Keep knocking them out


----------



## cwebs (May 14, 2014)

I can tell you that it is comforting to build an instrument. I built a F5 Mandolin after carpal tunnel stopped me from playing bluegrass 5 string banjo. Making the jigs, fixtures and special tools can double the time building the first one. 
Nice job on the violin. Did you tap tune the F holes? 

I would post some pictures but don't want to hijack the thread. Carl


----------



## dnalot (May 14, 2014)

Did someone say "Spruce", here is a link to a supplier of spruce and 4130 steel in sheet metal strips. Both are very handy for modeling.

Mark T

http://www.aircraftspruce.com/catalog/mepages/4130strips.php


----------



## don-tucker (May 17, 2014)

replicant said:


> Hi Don,
> 
> I bought your 2007 fiddle on ebay
> 
> ...




Im so pleased,i would love to hear it,better still see it being played
Don


Sent from my iPad using Model Engines


----------



## RonGinger (May 17, 2014)

This is an interesting old thread. Before I got into metalworking I did a lot of wood work, and built 3 mountain dulcimers and one hammered dulcimer. I never did get any good at playing either of them. Back when I  was traveling a lot on business I made a mountain dulcimer scaled to fit on the diagonal of  my suitcase. I took it with me to Australia and Japan on one trip. It was a nice break at night to sit and play, but it really didnt sound to good, since it was about 1/3 of the normal length.

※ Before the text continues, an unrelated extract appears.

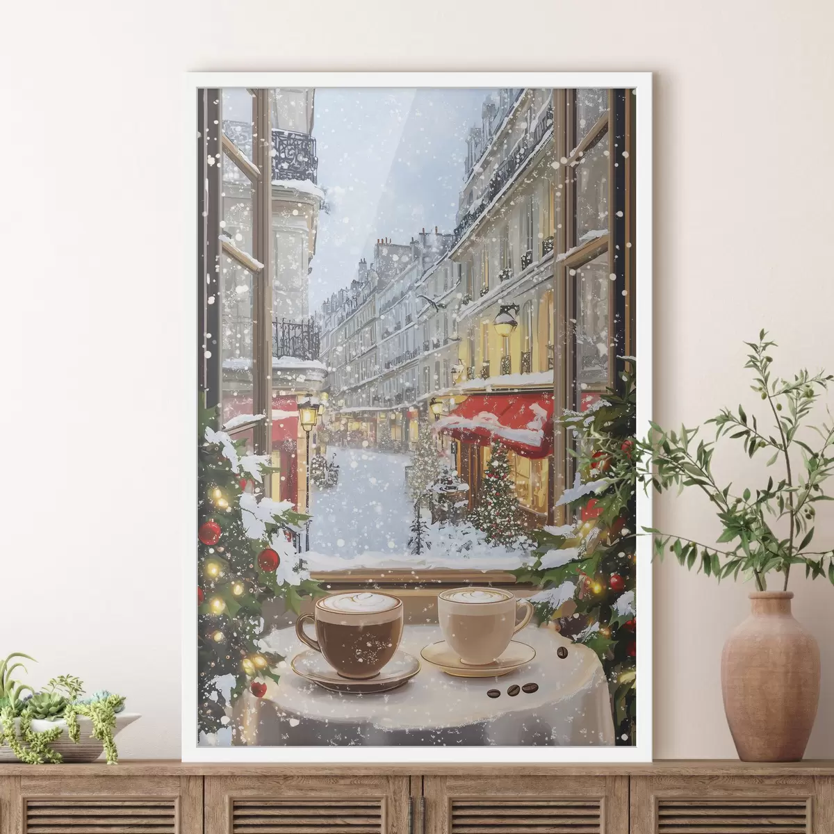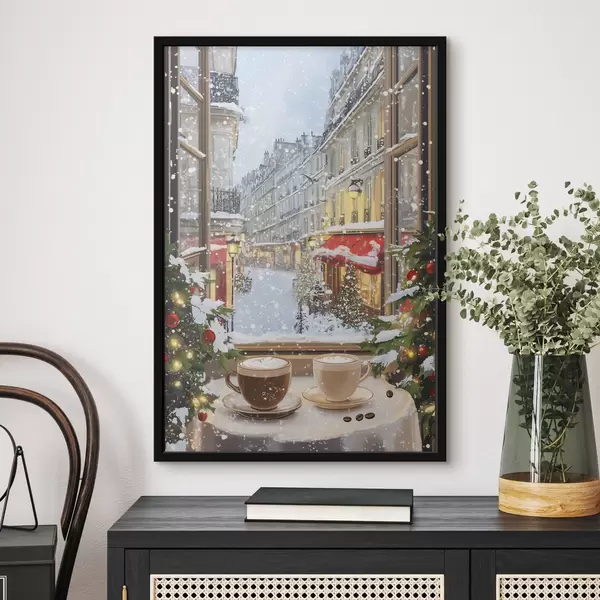 Poster Hubane talvekohvik, kohvitassid, akrüülstiil, vana linnaarhitektuur Nr f42795

Someone back a few notes thought the hammered dulcimer was a native Appalachian instrument- that is not correct- there are variants of it in almost all countries, going back for centuries. An interesting note- it was Henry Fords favorite instrument and in the Ford museum there is (or was when I was last there) a whole room full of them that he collected.


----------